DATA RECORDS Start Marker

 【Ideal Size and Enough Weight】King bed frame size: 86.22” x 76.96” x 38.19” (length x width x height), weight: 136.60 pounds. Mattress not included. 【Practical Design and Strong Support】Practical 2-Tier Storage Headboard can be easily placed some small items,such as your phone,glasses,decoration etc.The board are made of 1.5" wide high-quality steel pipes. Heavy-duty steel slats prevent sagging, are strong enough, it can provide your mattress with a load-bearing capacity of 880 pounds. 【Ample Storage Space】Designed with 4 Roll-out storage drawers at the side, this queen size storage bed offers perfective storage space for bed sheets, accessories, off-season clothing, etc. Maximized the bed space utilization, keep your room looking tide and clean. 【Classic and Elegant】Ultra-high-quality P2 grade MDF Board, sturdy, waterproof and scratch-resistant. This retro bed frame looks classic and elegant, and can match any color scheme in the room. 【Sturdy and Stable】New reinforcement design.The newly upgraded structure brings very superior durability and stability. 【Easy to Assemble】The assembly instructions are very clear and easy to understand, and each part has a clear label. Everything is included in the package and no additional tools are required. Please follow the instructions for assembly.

DATA RECORDS End Marker
DATA RECORDS Start Marker

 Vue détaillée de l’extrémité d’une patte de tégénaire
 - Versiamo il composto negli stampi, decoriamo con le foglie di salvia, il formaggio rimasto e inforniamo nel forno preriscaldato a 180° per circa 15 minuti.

DATA RECORDS End Marker

● **INSTRUCTIONS FOR THE TASK**:
Taking the lines above, repeat exactly those from the line that contains "Vue détaillée de" through the line that contains "- Versiamo il", and both of those lines as well. Include nothing else.

● **WORKED SOLUTION**:
 Vue détaillée de l’extrémité d’une patte de tégénaire
 - Versiamo il composto negli stampi, decoriamo con le foglie di salvia, il formaggio rimasto e inforniamo nel forno preriscaldato a 180° per circa 15 minuti.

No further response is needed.